• [DIRECTIONS]
After finding the line with "以内除菌除螨洗地机扫吸拖一体拖地机家用吸尘全自动清洁扫地机多合一 Z5pro小金刚 Z5" in the entries below, retype exactly each line from there through the line with "LATEST REVISED HEALTH ASSESSMENT EXAM 3", including that final line.

• [DATASET]
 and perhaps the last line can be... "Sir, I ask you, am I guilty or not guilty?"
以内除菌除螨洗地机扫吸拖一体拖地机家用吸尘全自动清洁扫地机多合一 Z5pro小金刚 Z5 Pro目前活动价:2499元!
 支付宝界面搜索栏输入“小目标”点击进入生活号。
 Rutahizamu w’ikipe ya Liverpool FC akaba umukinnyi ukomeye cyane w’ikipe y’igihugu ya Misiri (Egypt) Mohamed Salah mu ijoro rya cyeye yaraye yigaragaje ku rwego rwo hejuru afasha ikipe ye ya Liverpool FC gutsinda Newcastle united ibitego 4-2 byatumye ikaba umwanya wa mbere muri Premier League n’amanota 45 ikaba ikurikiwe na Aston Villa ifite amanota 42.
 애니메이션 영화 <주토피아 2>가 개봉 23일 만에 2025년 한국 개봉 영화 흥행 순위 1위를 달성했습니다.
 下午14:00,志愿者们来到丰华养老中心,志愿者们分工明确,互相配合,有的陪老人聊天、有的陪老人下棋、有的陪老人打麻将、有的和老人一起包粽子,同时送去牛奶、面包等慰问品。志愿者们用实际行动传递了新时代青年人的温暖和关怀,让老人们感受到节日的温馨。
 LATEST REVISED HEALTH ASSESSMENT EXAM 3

==

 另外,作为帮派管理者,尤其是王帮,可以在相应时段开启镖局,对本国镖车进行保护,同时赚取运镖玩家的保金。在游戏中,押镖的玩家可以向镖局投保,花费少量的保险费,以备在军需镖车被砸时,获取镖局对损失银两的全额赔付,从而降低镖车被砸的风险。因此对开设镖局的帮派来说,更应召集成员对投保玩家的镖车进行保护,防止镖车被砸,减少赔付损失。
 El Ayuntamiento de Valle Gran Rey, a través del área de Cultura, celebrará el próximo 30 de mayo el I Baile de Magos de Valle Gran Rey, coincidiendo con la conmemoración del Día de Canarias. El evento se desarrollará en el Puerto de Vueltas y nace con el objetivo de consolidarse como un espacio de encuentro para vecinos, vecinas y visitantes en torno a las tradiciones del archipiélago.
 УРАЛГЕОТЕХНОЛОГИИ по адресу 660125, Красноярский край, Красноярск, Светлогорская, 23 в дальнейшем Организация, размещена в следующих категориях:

• [WRITTEN SOLUTION]
以内除菌除螨洗地机扫吸拖一体拖地机家用吸尘全自动清洁扫地机多合一 Z5pro小金刚 Z5 Pro目前活动价:2499元!
 支付宝界面搜索栏输入“小目标”点击进入生活号。
 Rutahizamu w’ikipe ya Liverpool FC akaba umukinnyi ukomeye cyane w’ikipe y’igihugu ya Misiri (Egypt) Mohamed Salah mu ijoro rya cyeye yaraye yigaragaje ku rwego rwo hejuru afasha ikipe ye ya Liverpool FC gutsinda Newcastle united ibitego 4-2 byatumye ikaba umwanya wa mbere muri Premier League n’amanota 45 ikaba ikurikiwe na Aston Villa ifite amanota 42.
 애니메이션 영화 <주토피아 2>가 개봉 23일 만에 2025년 한국 개봉 영화 흥행 순위 1위를 달성했습니다.
 下午14:00,志愿者们来到丰华养老中心,志愿者们分工明确,互相配合,有的陪老人聊天、有的陪老人下棋、有的陪老人打麻将、有的和老人一起包粽子,同时送去牛奶、面包等慰问品。志愿者们用实际行动传递了新时代青年人的温暖和关怀,让老人们感受到节日的温馨。
 LATEST REVISED HEALTH ASSESSMENT EXAM 3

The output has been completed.